After the main event concluded on the second day, there was a more intimate press conference. It was all done in Spanish, which was a bit of a challenge, as I don’t know the language. I was offered someone to translate, but I opted out. With most press events like that, people are saying pretty scripted messages. I was more interested in watching their body language.
Even without words, I could tell that they were genuinely excited about this new opportunity — I thought only I got that animated talking about aviation. This is something new, something big, and something that will have a positive impact on the economy.
Currently, the facility is set to handle the Airbus A320 family — yes, even the longest A321. They would also be able to handle the 737, if a future customer comes online. The nice part about having a new facility is they already planned for the extra width required for the new MAX winglet. They are able to handle things from small maintenance, to the very labor-intensive D-check.
Lufthansa Technik only broke ground on the hangar about a year ago and they are already operational. The first service bay went online in July of this year and the second started on November 2nd. They hope to have five bays running by sometime in 2017.
The airport still has land for the MRO to expand, if additional customers are brought on. Lufthansa Technik is working with other airlines in North and South America to add new business, but they are not at a point to announce anything yet. Even though they are not currently setup to handle larger aircraft (think twin-aisle), it is not out the realm of possibilities.

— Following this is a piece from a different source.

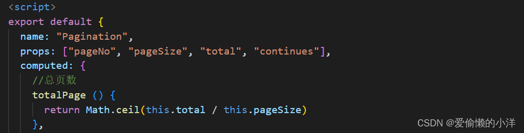 子组件利用props接收父组件传递过来的参数,并且利用计算属性computed计算出分页器的总页数(totalPage);此处计算出来的数据记得要向上取整(Math.ceil())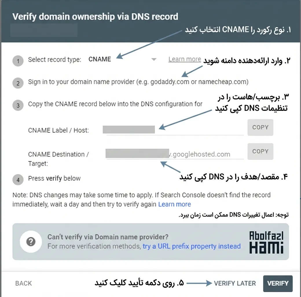 گاهی اوقات ممکن است با روش TXT راحت نباشید یا هاست شما کمی اذیت کند. هیچ اشکالی ندارد! گوگل یک راه پشتیبان هم گذاشته است به نام CNAME.

Technik chose the location due to it being strategic for both the 737 and the A320 families flying in the Americas. “It enhances our access to the world’s largest aviation market and brings us closer to both existing and potential customers,” Pia Lüdtke, of Lufthansa Technik AG corporate communications, explained to AirlineReporter.
JetBlue’s decision backs up Technik’s reasons for the location in Puerto Rico. “With nearly one third of our network now located in Latin America and the Caribbean, it makes good business sense for us to work with a heavy maintenance business partner in the region,” Jeffrey Martin, executive vice president of operations for JetBlue stated. They also realize how their airline can have a positive impact on the region.
”By supporting Lufthansa Technik’s expansion in Aguadilla, we are not only making an investment in our heavy maintenance plans, we’re helping to ensure jobs which will lead to economic growth in the area,” Martin said.
Spirit Airlines already had a relationship with Technik and they are excited to be one of the first to use the new facility. “We are pleased to be Lufthansa Technik’s first customer in Puerto Rico,” said Spirit CEO Ben Baldanza. “We’ve had a long history with them as they have provided excellent support on our Airbus fleet through inventory, parts repairs, reliability engineering support and now, heavy maintenance support. We’re excited about this new chapter expanding in Puerto Rico.”
It will be interesting to see not only how the new Technik facility improves airline operations in the region, but how it might help the aerospace industry to prosper in Puerto Rico.
Note: The Puerto Rican government covered most of my travel costs to attend this event. Opinions are my own.